Overcoming the barriers in obtaining a DEA-X Waiver

By Implementation

The field of behavioral economics has already been applied to address one facet of the opioid epidemic: most recently, the insights from the behavioral sciences have been used to reduce opioid prescribing in EDs. This is despite evidence that shows that emergency physicians are responsible for just a small percentage of the overall opioid prescriptions written nationally. For example, in 2012 less than 5% of all opioid pills prescribed originated from emergency room doctors. In a recent study, Dr. Doctor et al of the USC Price School of Public Policy found that when emergency physicians have learned in a letter from the medical examiner that one of their patients has suffered a fatal opioid overdose, they reduced the amount of opioids they prescribed by almost 10% over the next three months.
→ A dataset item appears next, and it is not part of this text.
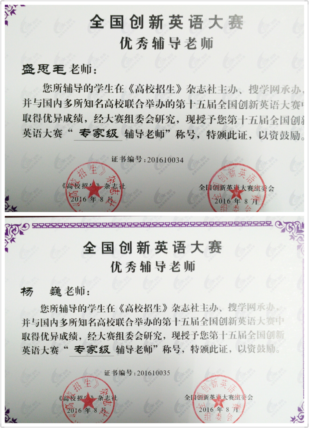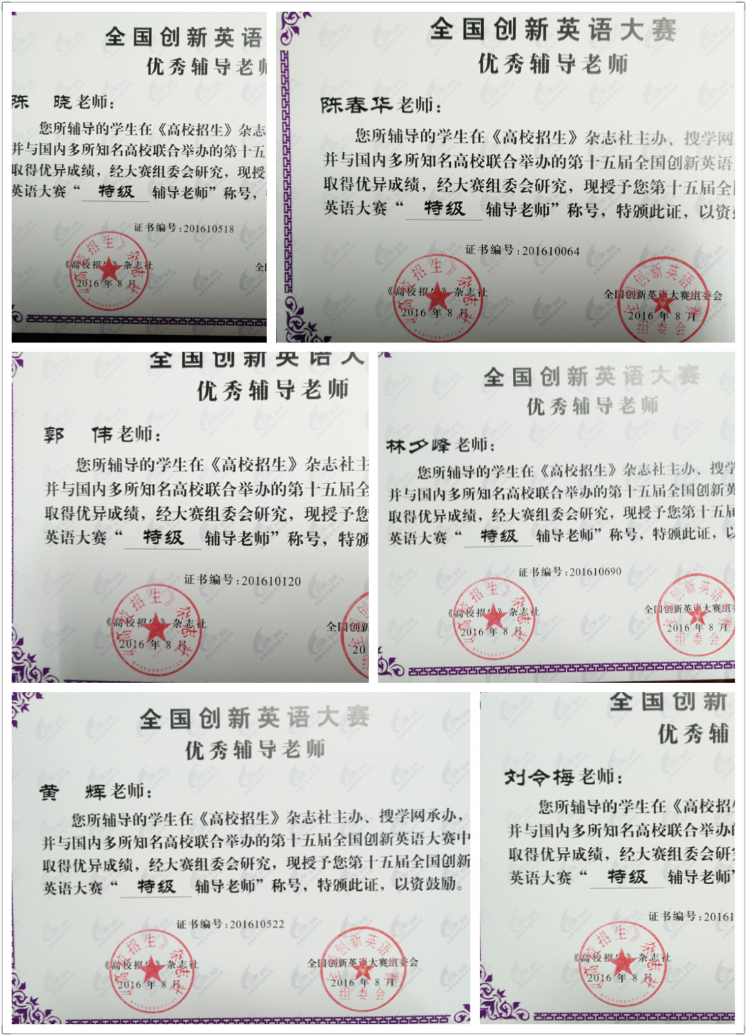 第十五届全国创新英语大赛于2016年7月29日在京圆满落幕。我校选手在比赛中表现突出,凭借出色的英语水平,获得了大赛评审的高度肯定,取得了优异的成绩。

Another study from the University of Pennsylvania sought to use new default options as a nudge in electronic health records (EHRs) in an effort to decrease the number of opioid pills that physicians prescribe. 
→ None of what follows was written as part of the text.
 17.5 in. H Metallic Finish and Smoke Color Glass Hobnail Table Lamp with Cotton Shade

While efforts to reduce the risk of unnecessary exposure to opioid prescriptions are certainly a part of the solution, more can be done to leverage behavioral science to change provider behavior around prescribing life saving MAT. We sought to leverage the field of behavioral economics to support providers caring for patients struggling with OUD in an ED at an academic medical center by first understanding the pre-existing behavioral challenges related to prescribing MAT in EDs.

Barriers and Nudges

We uncovered three key behavioral barriers that impeded completion of the DEA X waiver process for our faculty and residents. Our team of behavioral economists worked to intuit the key psychological or situational factors behind each of these barriers and developed approaches that could be used to address them. These may be common themes and relevant approaches for stakeholders interested in making similar changes at their institutions as well. 
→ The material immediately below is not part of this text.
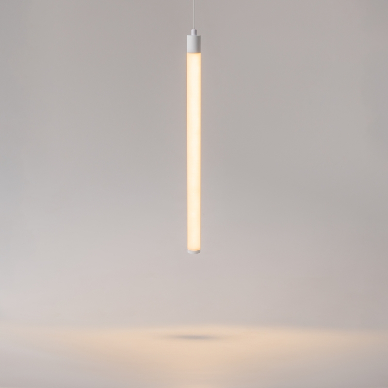 Светильник имеет простую, но стильную конструкцию в виде цилиндра, выполненного в белом цвете. Корпус создан из алюминия, а абажур из металла и акрила, что сочетает в себе прочность и легкость. Фактура и отделка делают его универсальным элементом, который гармонично впишется в любой интерьер.

Barrier 1: Absent Social Norm

Behavioral economics defines social norms as the values, actions, and expectations of a culture or group. They offer, often implicit, guides to our behavior and, in particular, descriptive norms make people aware of what “most other people are doing”. These norms can reinforce and amplify an individual’s underlying motivations. The lack of consistent social norms around treating OUD and subsequently getting a waiver undercut the motivation of many attendings in our department to obtain a waiver. We targeted this barrier using six specific nudges including recruiting influential faculty members to be the first group of those waivered, creating a ‘Get Waivered’ Month, and holding a white coat pinning ceremony which was covered in a local news story and social media for those who had completed their waiver process as shown in figure 1.

Barrier 2: Hassle Bias in Obtaining a Waiver

Seemingly irrelevant details that make a task more effortful introduce hassle bias, and can make the difference between following through on an action and putting it off, sometimes indefinitely. Our group identified that many of the behaviors required to obtain their a DEA-X waiver introduced hassle bias including: accessing the online course and submission site after course completion and scheduling the in-person portion of the course. We targeted this barrier using three specific nudges including coordinating all schedules for interested participants, creating an easy to follow website, and presenting about the waivering process at resident and faculty conferences as shown on figure 1.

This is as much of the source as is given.